Skills · 14 July 2026 · 3 min read

How to Set a Meeting Agenda Out Loud in the First Minute.

A meeting with no agreed plan drifts. Learn how to set a meeting agenda out loud in the first minute, so both sides know why they are here and what a good outcome is.
Will Koning
Will Koning
Founder, meritt
meritt illustration: economic buyer & executive engagement

Most meetings drift because nobody said out loud why everyone is there. You can fix that in the first minute. Set the agenda openly: say why you are both here, ask what they want from the time, agree how long you have, and name what a good ending looks like. Sellers call this an up-front contract, and it turns a vague chat into a meeting that actually goes somewhere.

The mistake most people make

Most people jump straight in without agreeing a plan. They assume everyone knows why they are meeting, so they open with small talk and then a pitch. But the buyer had a different idea of the meeting in their head, and now the two of you are pulling in different directions. Time runs out. Nothing gets decided. You both leave a little unsure of what just happened, and the deal has not moved an inch.

What good sounds like

Good sellers agree the shape of the meeting before they get into it. In the first minute they say why they are both there, ask what the buyer wants to get out of it, check how much time there is, and name a clear outcome, even if that outcome is a straight no. It sounds simple, and it is. But it turns the meeting into a shared plan instead of a guessing game. Everyone relaxes, because everyone knows where this is going.

How to do it

Say why you are both here

Open with the purpose in one plain sentence, so nobody is guessing. It sets the frame and shows you came prepared, not just to wing it.

"Thanks for the time. My aim today is to understand where hiring is hurting most, and see if meritt is even a fit. Sound right?"

Ask for their agenda, not just yours

Do not assume you know what they want. Ask. When the buyer names what they hope to get, the meeting becomes theirs too, and they lean in.

"That's what I'd like to cover.
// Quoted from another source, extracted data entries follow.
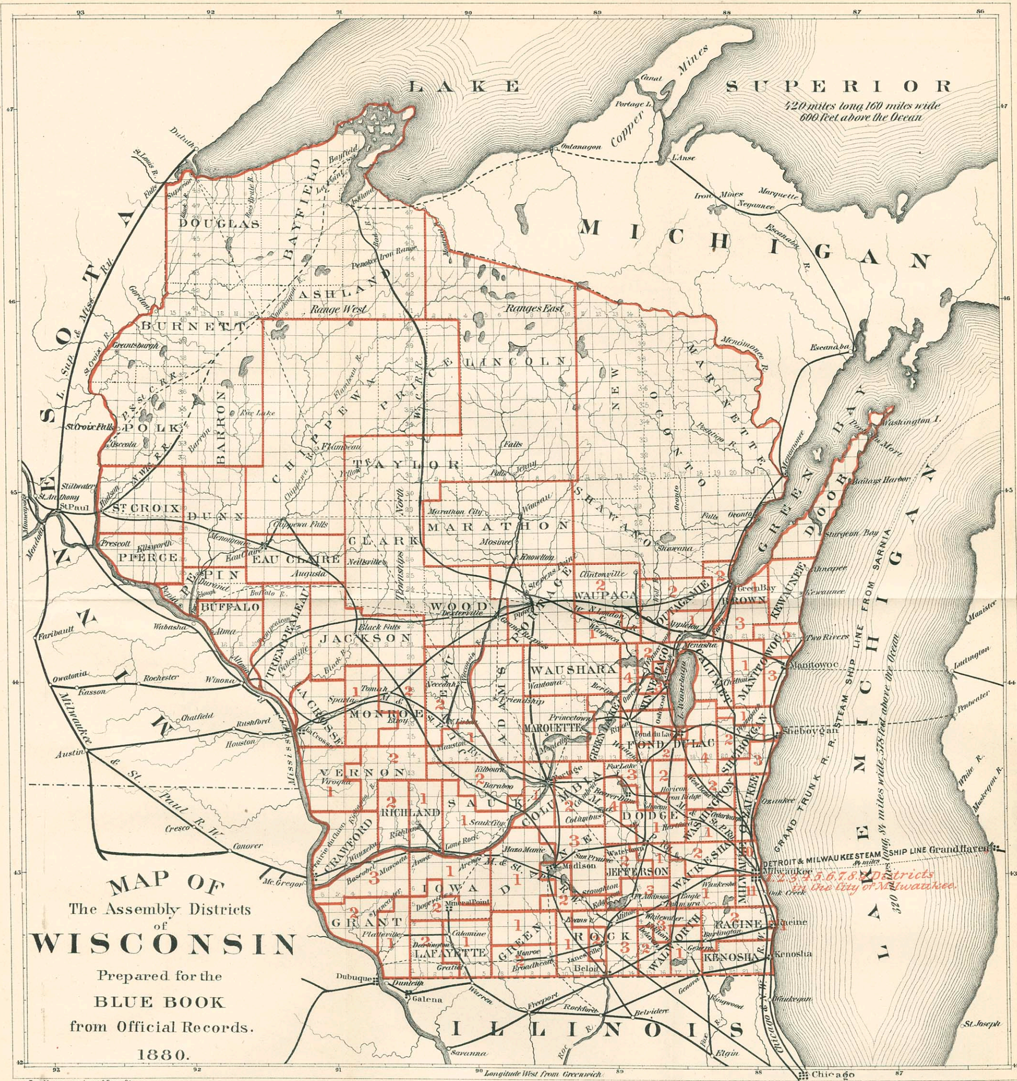
MAP OF The Assembly Districts of WISCONSIN Prepared for the BLUE BOOK from Official Records. 1880.
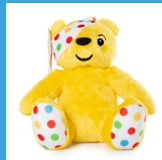
Pudsey plush toy £5
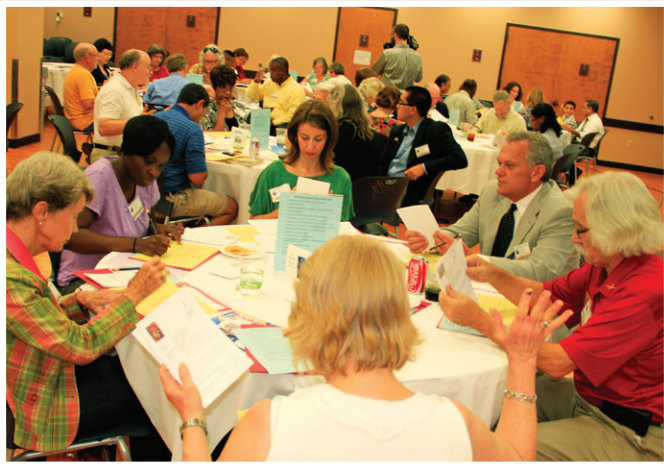
Citizen Engagement Series: Library Services

...Continued, Message from the County Administrator
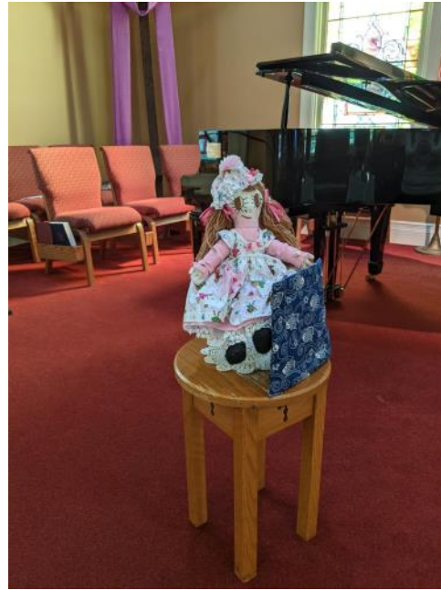
On Sunday, March 7th, we celebrated Women's History Month with flowers and mentioned each of the women that passed this year.

What would make this half hour worth it for you?"

Agree the time and the outcome

Confirm how long you have, then name what a good ending is. Make it safe to say no. A clear yes, no, or next step all beat a polite maybe.

"We've got thirty minutes. By the end, we'll know if this is worth a next step or not, and a no is completely fine."

See the difference

Weak

"Hi, thanks for jumping on. So, how's your week going? ... Great. Let me tell you a bit about meritt." No shared plan, no agreed outcome. Twenty minutes later you are both wondering what this meeting was even for.

Strong

"Thanks for the time. My aim is to understand your hiring pain and see if we're a fit. What do you want out of it? ... Good. We've got thirty minutes, and by the end we'll know if there's a next step. A no is fine too."

Same meeting. The strong version spends sixty seconds agreeing why you are both there. That small frame is why it stays on track while the weak one wanders.

How you'll know it's working

You have got this when the first minute sets a clear, shared plan. After your next meeting, ask yourself: did we agree why we were there and what a good ending looked like, out loud, at the start? If yes, the meeting almost runs itself. Communication is the trait at work. A clear frame up front is the calmest, most confident way to open, and it saves the whole meeting from wandering.

Questions people ask

What is an up-front contract in sales?

An up-front contract is a quick agreement at the start of a meeting about how it will run. You say why you are both there, ask what the buyer wants from it, confirm the time, and name a clear outcome. It is not a legal thing, just a shared plan said out loud. It stops the meeting drifting and makes it safe for either side to say no.

How do I start a meeting with a senior buyer?

Start by agreeing the plan, not with small talk or a pitch. In the first minute, say your purpose in one sentence, ask what the buyer wants out of the time, check how long you have, and name what a good ending looks like. Setting the frame up front shows you respect their time and keeps the whole meeting on track.

Isn't setting an agenda too formal or pushy?

No, done well it feels like respect, not control. You are not reading a rigid list, you are checking you both want the same thing from the time. Asking "what would make this worth it for you?" is warm, not pushy. Buyers relax when they know where a meeting is going, so a clear frame usually makes the room easier, not stiffer.

What outcome should I ask for at the end of a meeting?

Name a clear decision, even if it might be no. A good outcome is a yes, a no, or an agreed next step, never a vague "we'll be in touch." Say it at the start: "By the end, we'll know if this is worth taking further." Making a no safe up front means the buyer is honest, and honesty is worth far more than a polite maybe.